◆ Problem to solve: With all pictures excluded, restate the records that follow exactly as written.

◆ Data section:
_ _ _

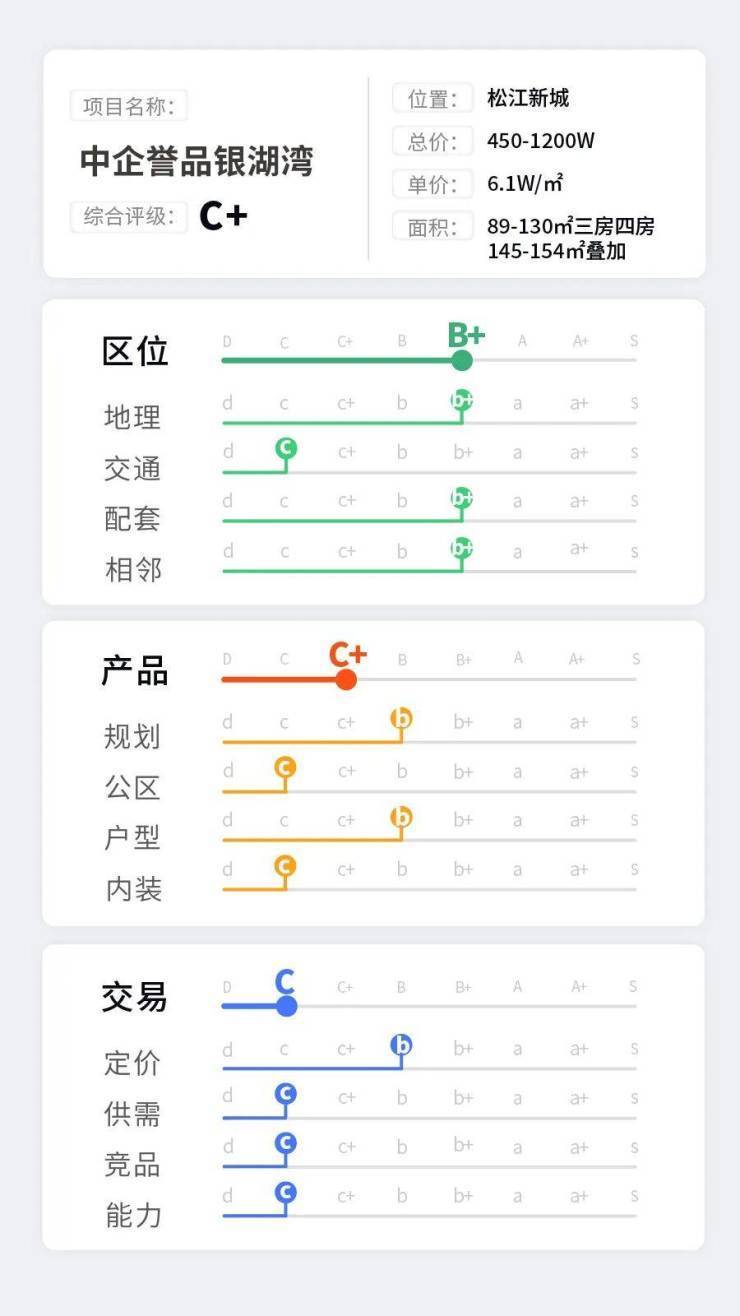 产品评级C+,其中规划 b、公区c、户型b、装修c。
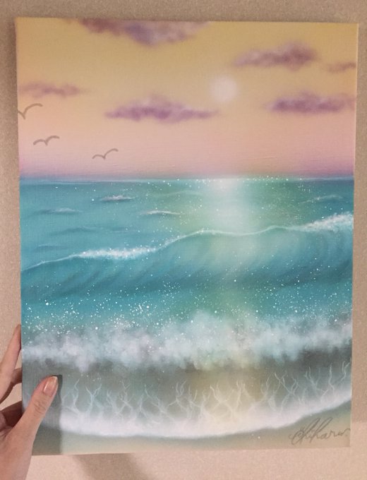東洋の真珠と称される与論島の海をモチーフにした作品🌊 波打ち際に打ち寄せる真珠が散らばるようなイメージで描きました👩🎨🎨 thisisgallery.com/product/503282 #thisisgallery #海の絵 #絵 #エアブラシアート #真珠 #絵描きさんと繋がりたい #artilljp #美術ネットワーク #artilljp #現代作家の環 #芸術の輪
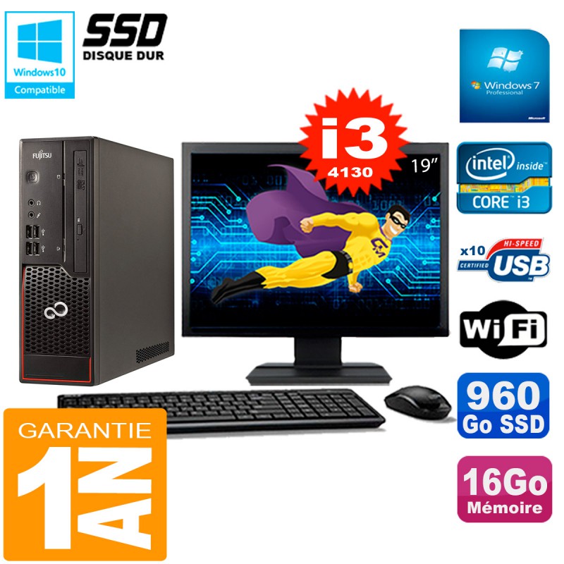 PC Fujitsu Esprimo C720 SFF - Core I3-4130 (3 Mo de cache) - 16Go DDR3 - Disque Dur 960Go SSD - Graveur DVD - Clé WIFI USB - Windows 7 Pro - Pack Clavier + Souris + Ecran 19" ( Marque et modéles selon arrivages) - Garantie = 1 an.
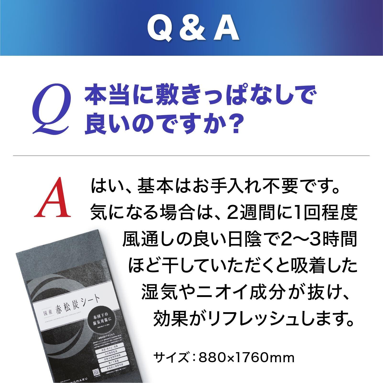 【より効果的なお手入れ方法】 基本はお手入れ不要ですが、2週間に1回程度、風通しの良い日陰で2〜3時間ほど干していただくと吸着した湿気やニオイ成分が抜け、効果がリフレッシュします。
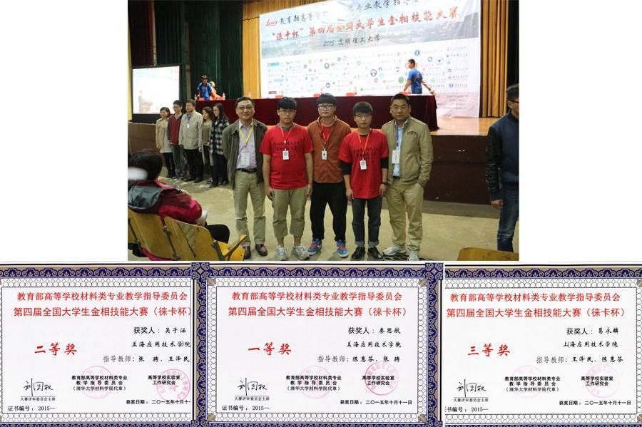 为备战全国大学生金相技能竞赛,材料学院得到了教务处的大力支持,由副院长陈惠芬和系主任张骋教授领衔、实验中心王泽民老师为主的指导团队,历经半年的校内选拔以及强化训练,最终我校选手在全国大赛中取得优异的成绩!
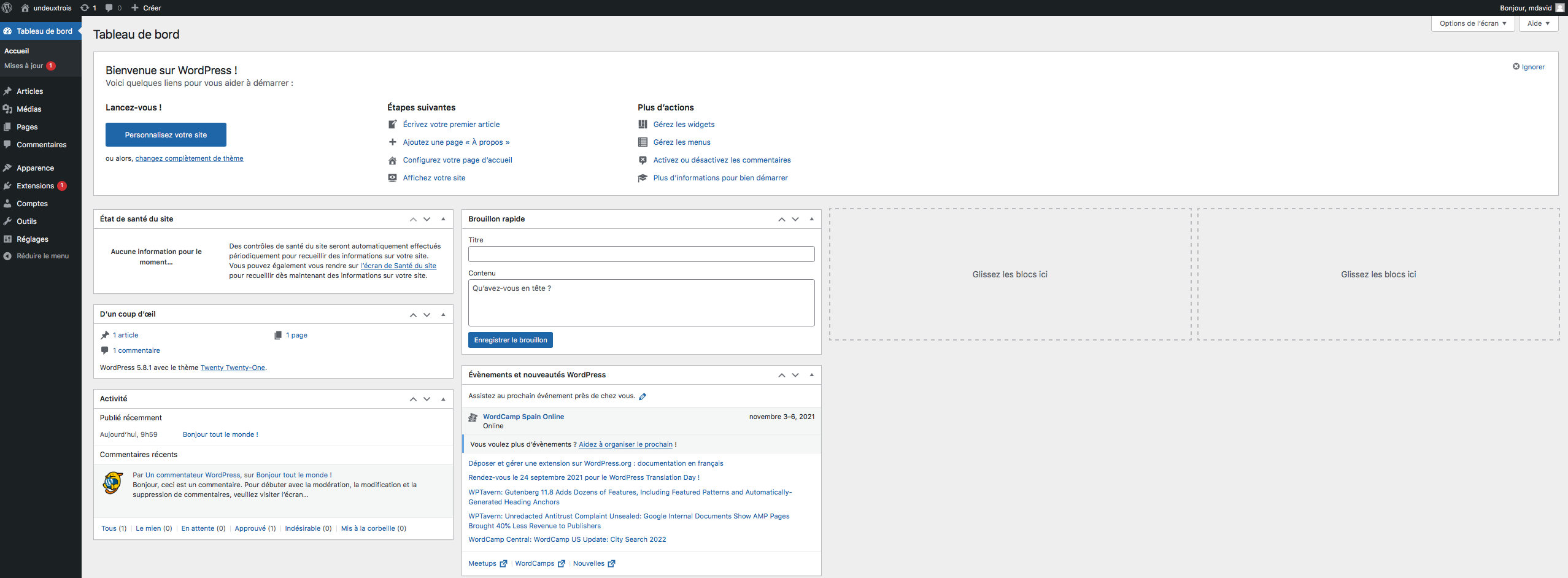 For a future project, it was essential that I dive into the discovery of the Wordpress tool. Having never used this tool, I had to start training myself on the basics and the use of Wordpress (latest version 5.8.1).
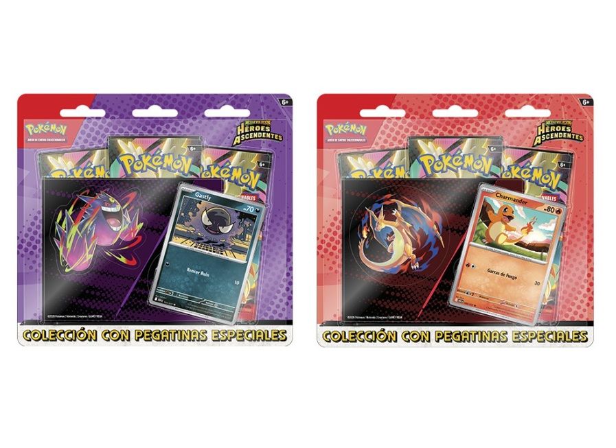 En esta colección, encontrarás a Charmander o a Gastly en forma de carta holográfica de promoción, así como una hoja con pegatinas especiales de Charmander y Mega-Charizard Y o de Gastly y Mega-Gengar. Y, por si esto fuera poco, ¡descubre aún más Pokémon en los tres sobres de mejora de la megaincreíble expansión Megaevolución-Héroes Ascendentes!

_ _ _

◆ Solution to this task:
 产品评级C+,其中规划 b、公区c、户型b、装修c。
東洋の真珠と称される与論島の海をモチーフにした作品🌊 波打ち際に打ち寄せる真珠が散らばるようなイメージで描きました👩🎨🎨 thisisgallery.com/product/503282 #thisisgallery #海の絵 #絵 #エアブラシアート #真珠 #絵描きさんと繋がりたい #artilljp #美術ネットワーク #artilljp #現代作家の環 #芸術の輪
 PC Fujitsu Esprimo C720 SFF - Core I3-4130 (3 Mo de cache) - 16Go DDR3 - Disque Dur 960Go SSD - Graveur DVD - Clé WIFI USB - Windows 7 Pro - Pack Clavier + Souris + Ecran 19" ( Marque et modéles selon arrivages) - Garantie = 1 an.
 【より効果的なお手入れ方法】 基本はお手入れ不要ですが、2週間に1回程度、風通しの良い日陰で2〜3時間ほど干していただくと吸着した湿気やニオイ成分が抜け、効果がリフレッシュします。
 为备战全国大学生金相技能竞赛,材料学院得到了教务处的大力支持,由副院长陈惠芬和系主任张骋教授领衔、实验中心王泽民老师为主的指导团队,历经半年的校内选拔以及强化训练,最终我校选手在全国大赛中取得优异的成绩!
 For a future project, it was essential that I dive into the discovery of the Wordpress tool. Having never used this tool, I had to start training myself on the basics and the use of Wordpress (latest version 5.8.1).
 En esta colección, encontrarás a Charmander o a Gastly en forma de carta holográfica de promoción, así como una hoja con pegatinas especiales de Charmander y Mega-Charizard Y o de Gastly y Mega-Gengar. Y, por si esto fuera poco, ¡descubre aún más Pokémon en los tres sobres de mejora de la megaincreíble expansión Megaevolución-Héroes Ascendentes!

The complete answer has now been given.